Work to be completed: Look through the data below and extract, unchanged, the lines from the one that contains "Pista de Corrida" to the one that contains "cassa portatile usata", both included.

Records provided:
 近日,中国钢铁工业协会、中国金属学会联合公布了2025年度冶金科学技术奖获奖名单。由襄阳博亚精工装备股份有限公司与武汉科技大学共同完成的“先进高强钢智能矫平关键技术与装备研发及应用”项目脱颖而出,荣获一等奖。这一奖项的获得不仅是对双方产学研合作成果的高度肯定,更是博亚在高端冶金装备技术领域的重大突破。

---

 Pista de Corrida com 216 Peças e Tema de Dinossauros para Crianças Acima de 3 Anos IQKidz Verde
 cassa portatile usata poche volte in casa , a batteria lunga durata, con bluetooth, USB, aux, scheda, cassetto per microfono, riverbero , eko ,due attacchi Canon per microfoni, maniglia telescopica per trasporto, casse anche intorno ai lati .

Reply:
 Pista de Corrida com 216 Peças e Tema de Dinossauros para Crianças Acima de 3 Anos IQKidz Verde
 cassa portatile usata poche volte in casa , a batteria lunga durata, con bluetooth, USB, aux, scheda, cassetto per microfono, riverbero , eko ,due attacchi Canon per microfoni, maniglia telescopica per trasporto, casse anche intorno ai lati .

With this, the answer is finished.